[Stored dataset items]
----------------

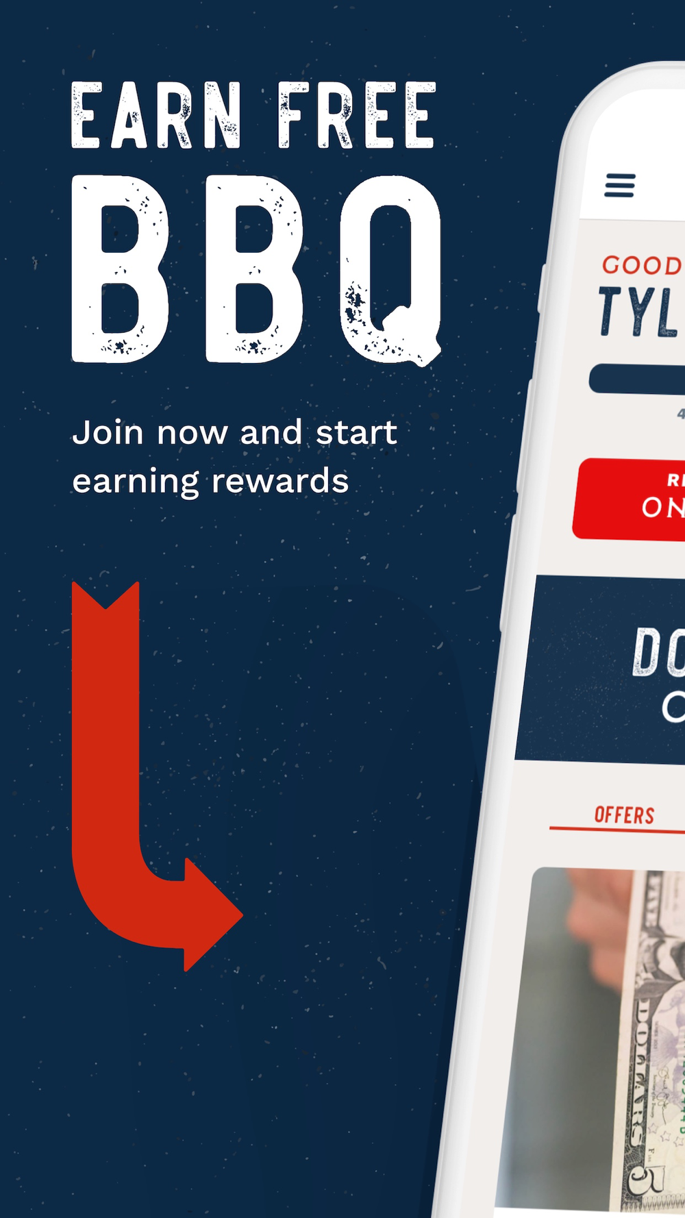 • Earn rewards for eating BBQ: one point for every $1 spent, every 100 points = $5 in free BBQ
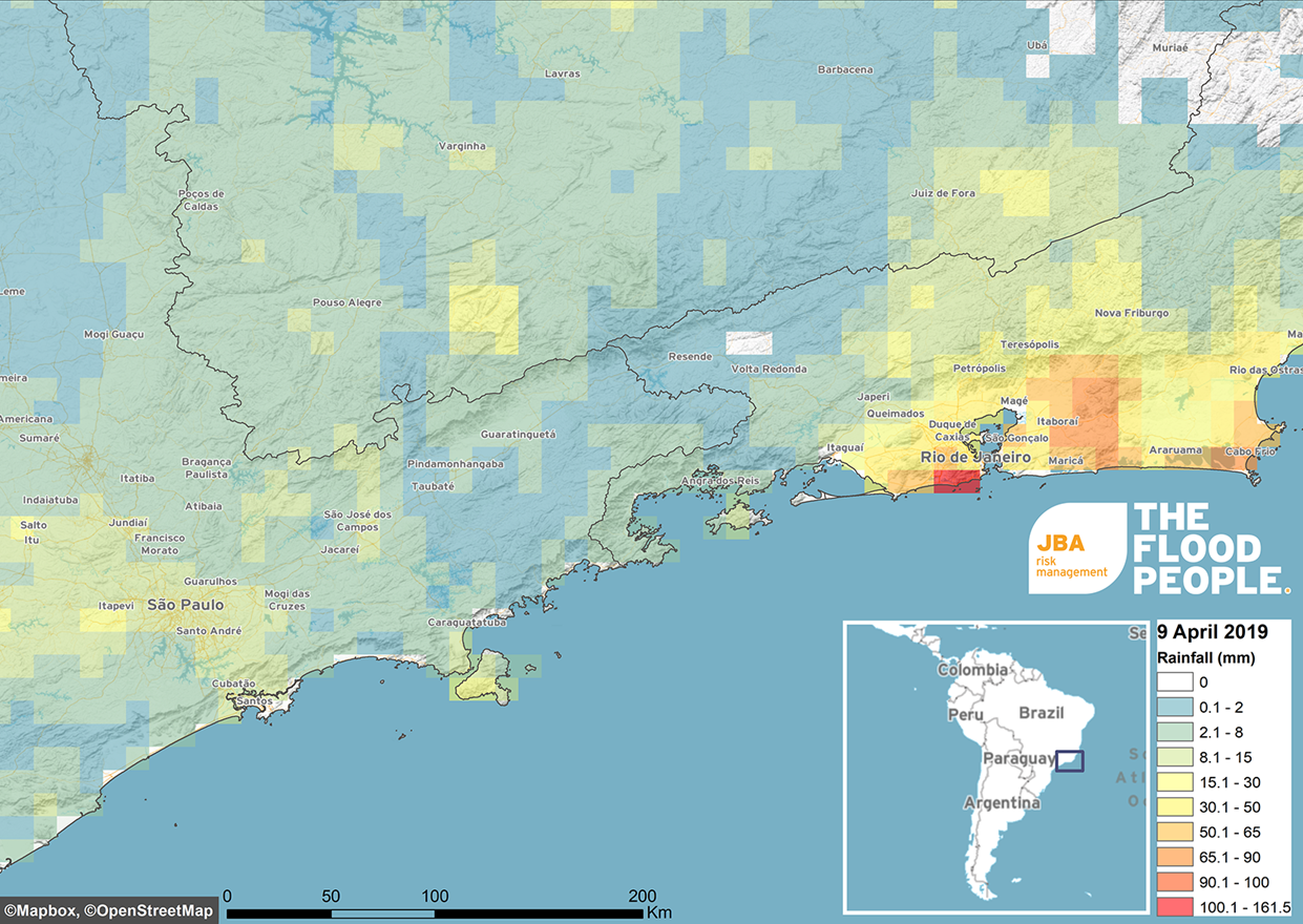 Two months’ worth of rainfall fell within nine hours to cause flooding across the city of Rio de Janeiro on 8 April 2019. During the downpour, the 24-hour rainfall total at Rio de Janeiro exceeded 340mm (Fonseca and Gaier, 2019). To put this into context, the average rainfall for the city in April is ~95mm (Watchers News, 2019). Copacabana Fort received 246mm of rain within nine hours, which represented two-and-a-half times April’s average rainfall total (Watchers News, 2019).
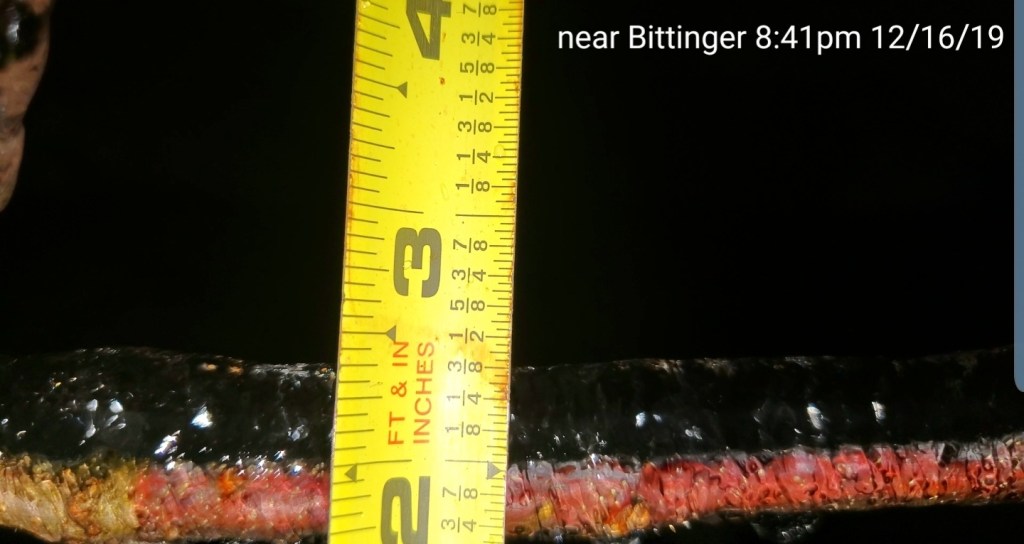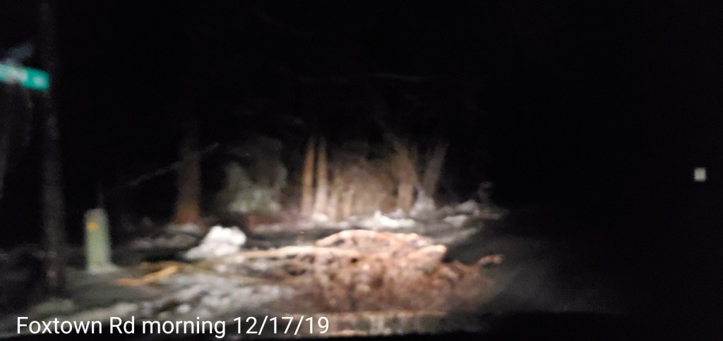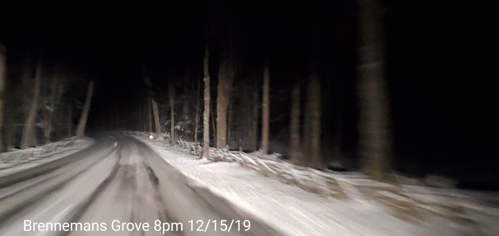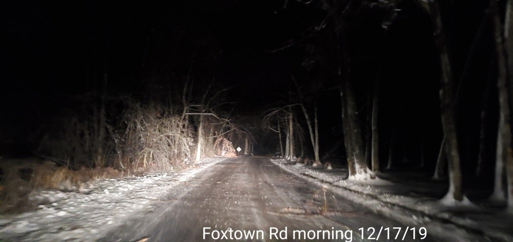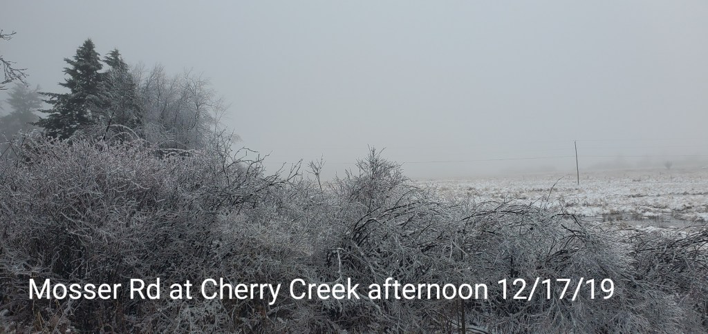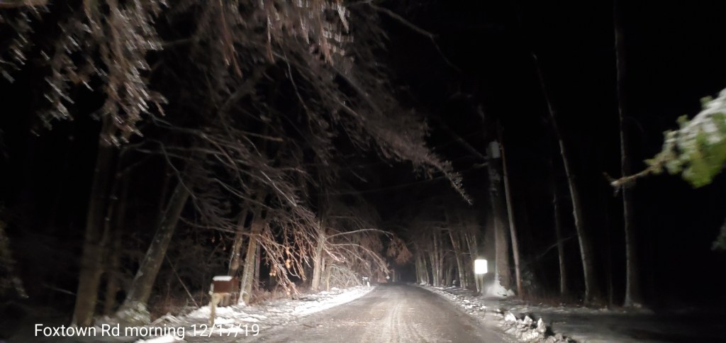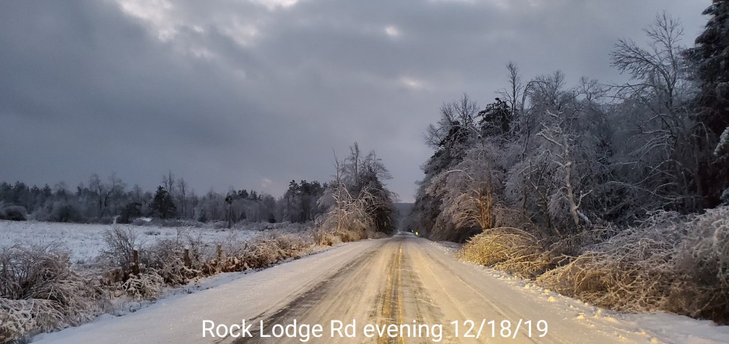 Freezing rain amounts, always a difficult judgement as freezing rain varies object to object. If its wind faced, if its marginal more can run to the end of tree limbs vs the upper parts etc…that said .4 to .6 range was common.
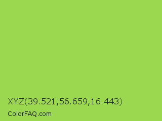 XYZ 39.521,56.659,16.443 Color is a normal green color and the nearest color is Conifer #acdd4d. Hex code #9bd850 and RGB value is rgb(155,216,80). In RGB color space, this color is composed of 61% red, 85% green, 31% blue, In CMYK color space, this color is composed of 28% cyan, 0% magenta, 63% yellow , 15% black , In HSL color space, this color has a hue angle of 87° , 64% saturation and 58% lightness.
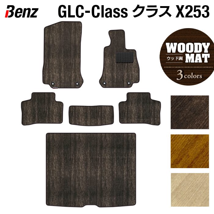 ベンツ GLCクラス (X253) フロアマット+トランクマット ラゲッジマット ◆ウッド調カーペット 木目 HOTFIELD
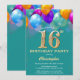 16.º Aniversário Teal e Dourados Balões Coloridos e Confetti Convite. Para mais personalização, clique no botão "Personalizar" e use nossa ferramenta de design para modificar este modelo.
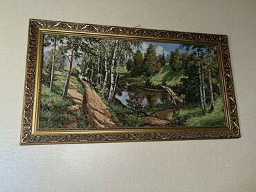 2) Mənzərə: meşə içindən keçən torpaq yol, çayın üzərində körpü, ağcaqayın və iynəyarpaqlı ağaclar, su səthində əkslər.
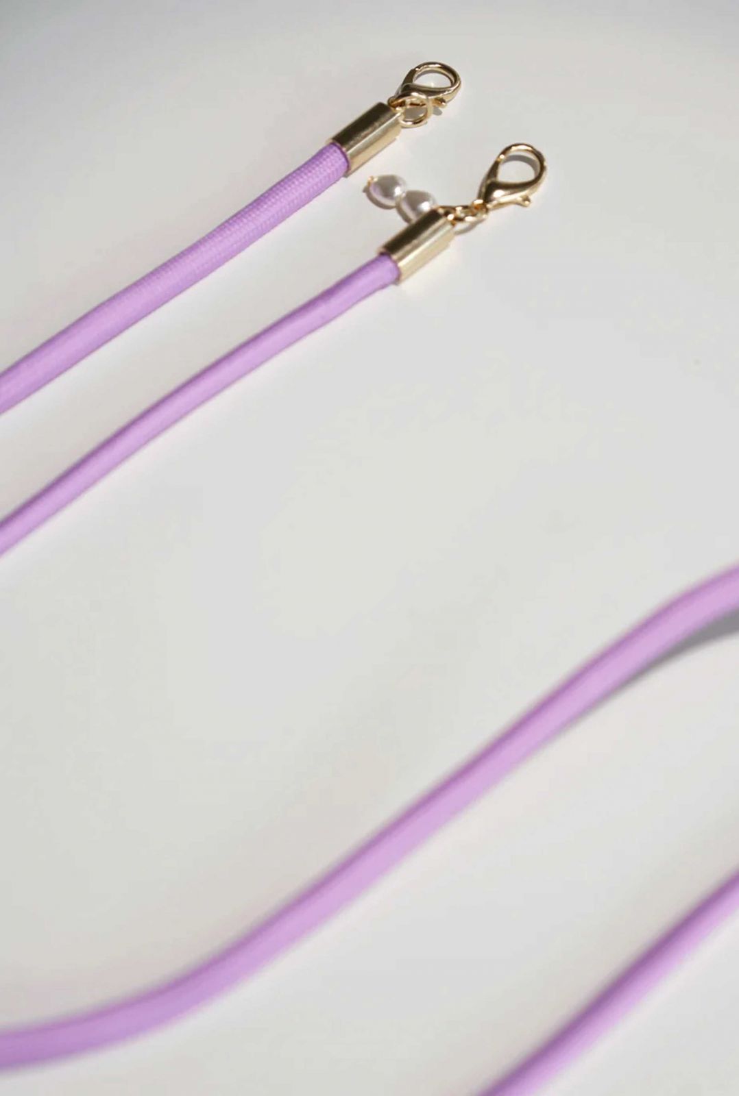 Geef jouw telefoonhoesje wat extra kleur met dit lila telefoonkoordje van Ateljé! Het handige koord zorgt ervoor dat jij je handen vrij hebt en is ontworpen met pareldetails en goud hardware. Gemaakt van gerecycled materiaal. Trendy en duurzaam!
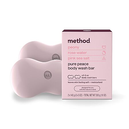 Method Bar Soap, Pure Peace, Pure Peace, Rose Water, Peonies + Pink Sea Salt notes, Plastic Free, 2 bars, 5oz each~$6.17 With S&S @ Amazon
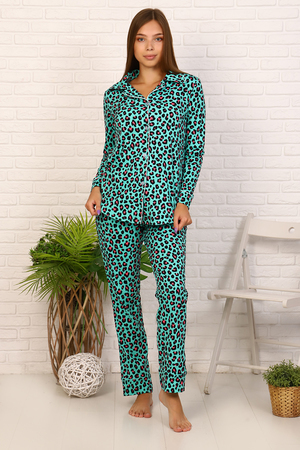 Женская трикотажная пижама из 100% хлопка с атласным кантом, кулирка. Комплект из рубашки с длинным рукавом на пуговицах и брюк с карманами. Стильный домашний лук с модным принтом. Удобный комплект, приятный на ощупь, дышащий. Пижама не сковывает движений, комфортна и приятна к телу. Пижама отлично сидит на фигурах разных типов.
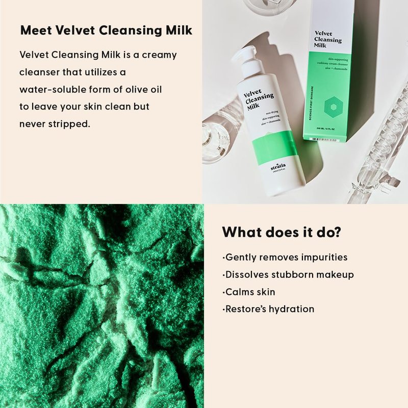 Stratia Velvet Cleansing Milk | Gentle Cream Face Cleanser | Moisturizing, Non-Foaming | Chamomile, Olive Oil & Aloe Vera | 4 Fl Oz
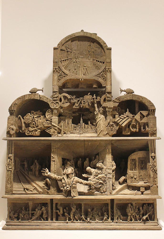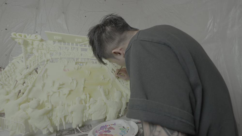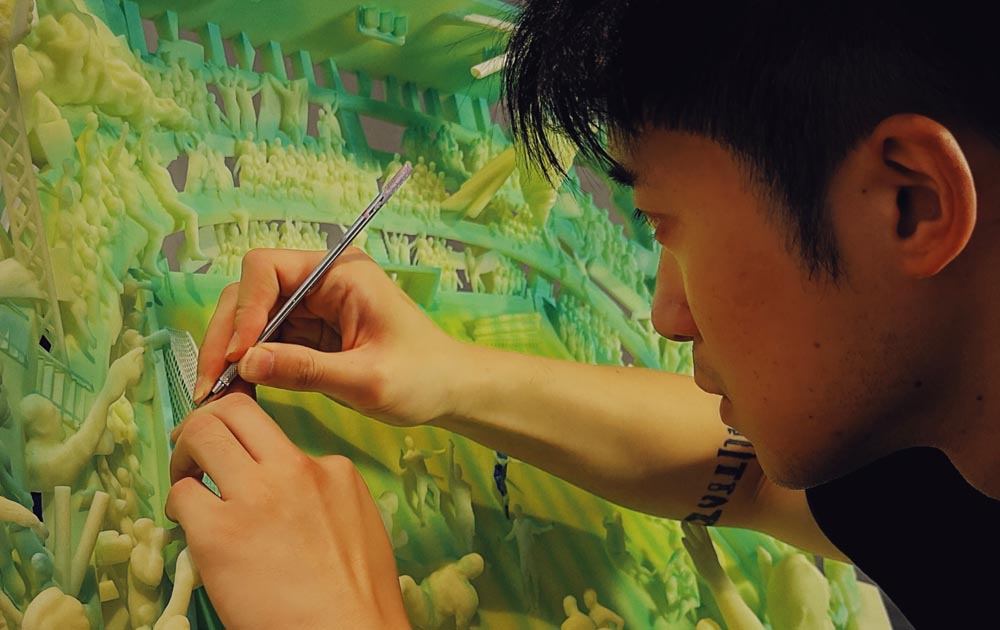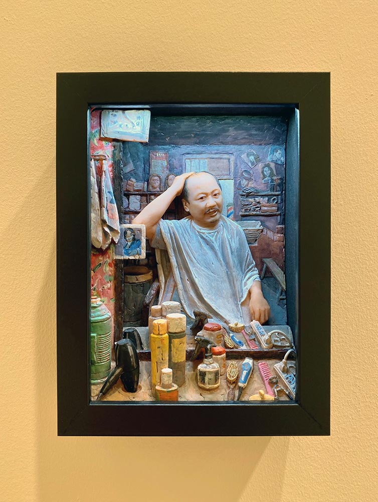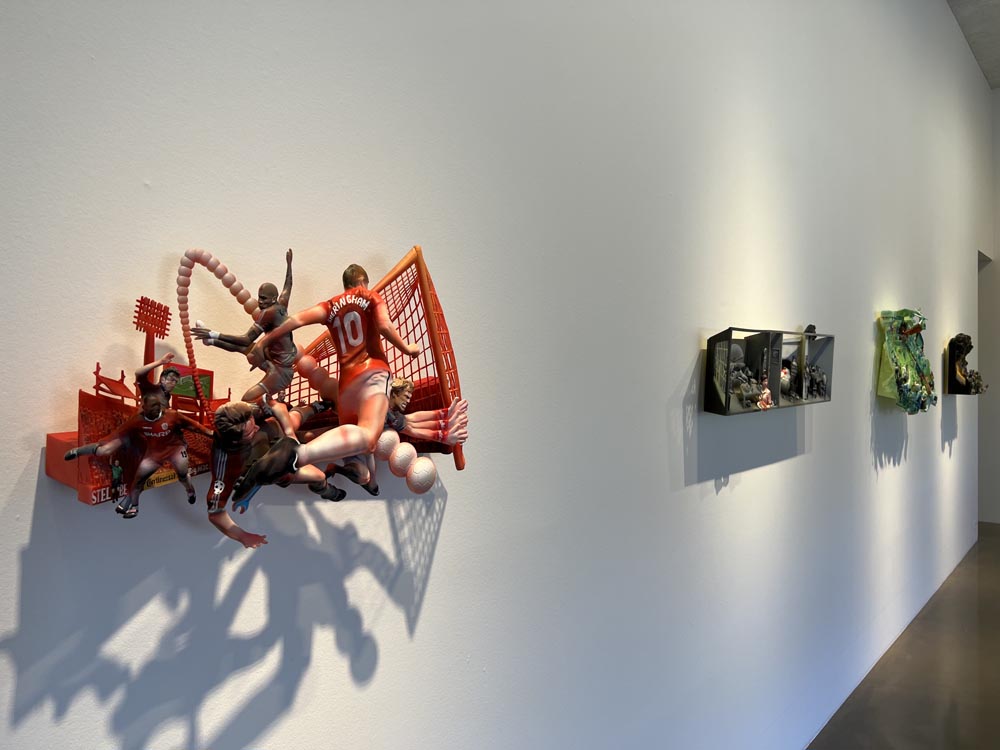 My ideas almost always start in the world. I’m constantly collecting raw material—images from TV and news, sports broadcasts, exhibitions I visit, and everyday encounters or conversations. Back in the studio, I translate those fragments into staged relief scenes, compressing time and space the way a film frame does. The process is both sculptural and painterly: I build figures and architecture in layers, control depth like a stage set, and use color, lighting, and detail to guide how the viewer reads the story.
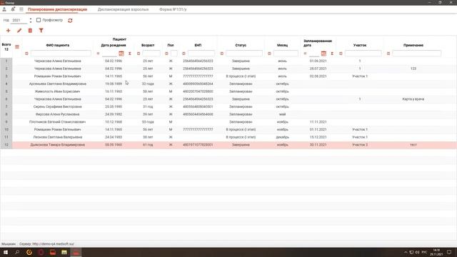 29.11.2021 - Квазар 4 - подсистема "Диспансеризация и профосмотры"
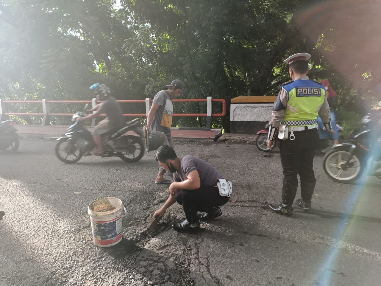 “Anggota kita melakukan penimbunan jalan-jalan yang berlobang dengan menggunakan semen cor di Jembatan Enim II yang yang merupakan Jembatan jalur lintas tengah,” kata Kasatlantas Polres Muara Enim, AKP Desy Ariyanti
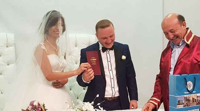 Nikah salonunda çiçeği burnunda çiftelerin heyacanı gözlerinden okunur iken,çifti yakınlarının tebrik etmesi ile son buldu.
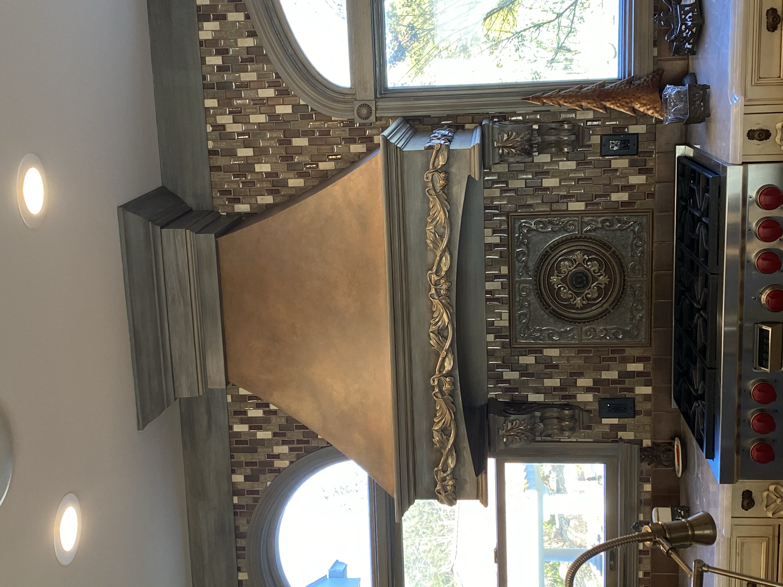 White stove hood transformed with copper metallic finish, glaze effect & bronze metallic accent embellishment on scrollwork!
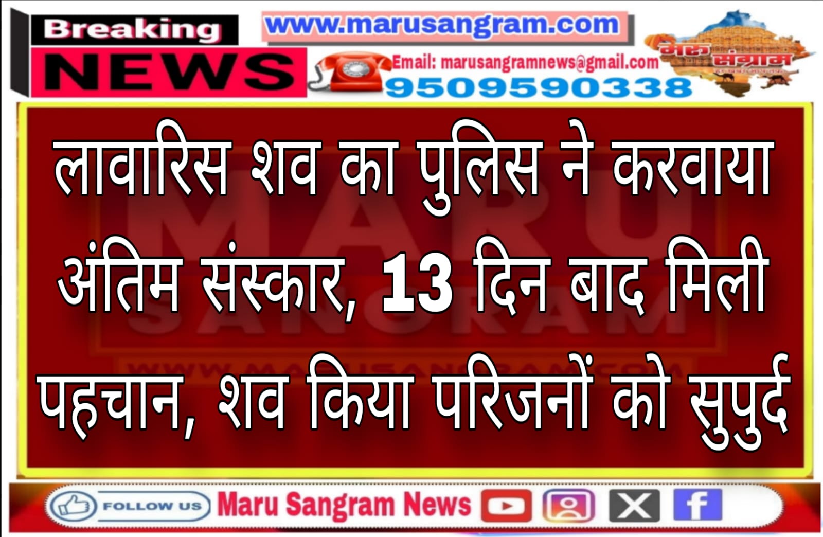 लावारिस शव का पुलिस ने करवाया अंतिम संस्कार, 13 दिन बाद मिली पहचान, शव किया परिजनों को सुपुर्द…..

----------------

**Task brief**
The result should be an exact copy of only the lines above from the one that holds "Method Bar Soap, Pure" through the one that holds "Nikah salonunda çiçeği", both ends included, without pictures.

**Expected answer**
 Method Bar Soap, Pure Peace, Pure Peace, Rose Water, Peonies + Pink Sea Salt notes, Plastic Free, 2 bars, 5oz each~$6.17 With S&S @ Amazon
 Женская трикотажная пижама из 100% хлопка с атласным кантом, кулирка. Комплект из рубашки с длинным рукавом на пуговицах и брюк с карманами. Стильный домашний лук с модным принтом. Удобный комплект, приятный на ощупь, дышащий. Пижама не сковывает движений, комфортна и приятна к телу. Пижама отлично сидит на фигурах разных типов.
 Stratia Velvet Cleansing Milk | Gentle Cream Face Cleanser | Moisturizing, Non-Foaming | Chamomile, Olive Oil & Aloe Vera | 4 Fl Oz
 My ideas almost always start in the world. I’m constantly collecting raw material—images from TV and news, sports broadcasts, exhibitions I visit, and everyday encounters or conversations. Back in the studio, I translate those fragments into staged relief scenes, compressing time and space the way a film frame does. The process is both sculptural and painterly: I build figures and architecture in layers, control depth like a stage set, and use color, lighting, and detail to guide how the viewer reads the story.
 29.11.2021 - Квазар 4 - подсистема "Диспансеризация и профосмотры"
 “Anggota kita melakukan penimbunan jalan-jalan yang berlobang dengan menggunakan semen cor di Jembatan Enim II yang yang merupakan Jembatan jalur lintas tengah,” kata Kasatlantas Polres Muara Enim, AKP Desy Ariyanti
 Nikah salonunda çiçeği burnunda çiftelerin heyacanı gözlerinden okunur iken,çifti yakınlarının tebrik etmesi ile son buldu.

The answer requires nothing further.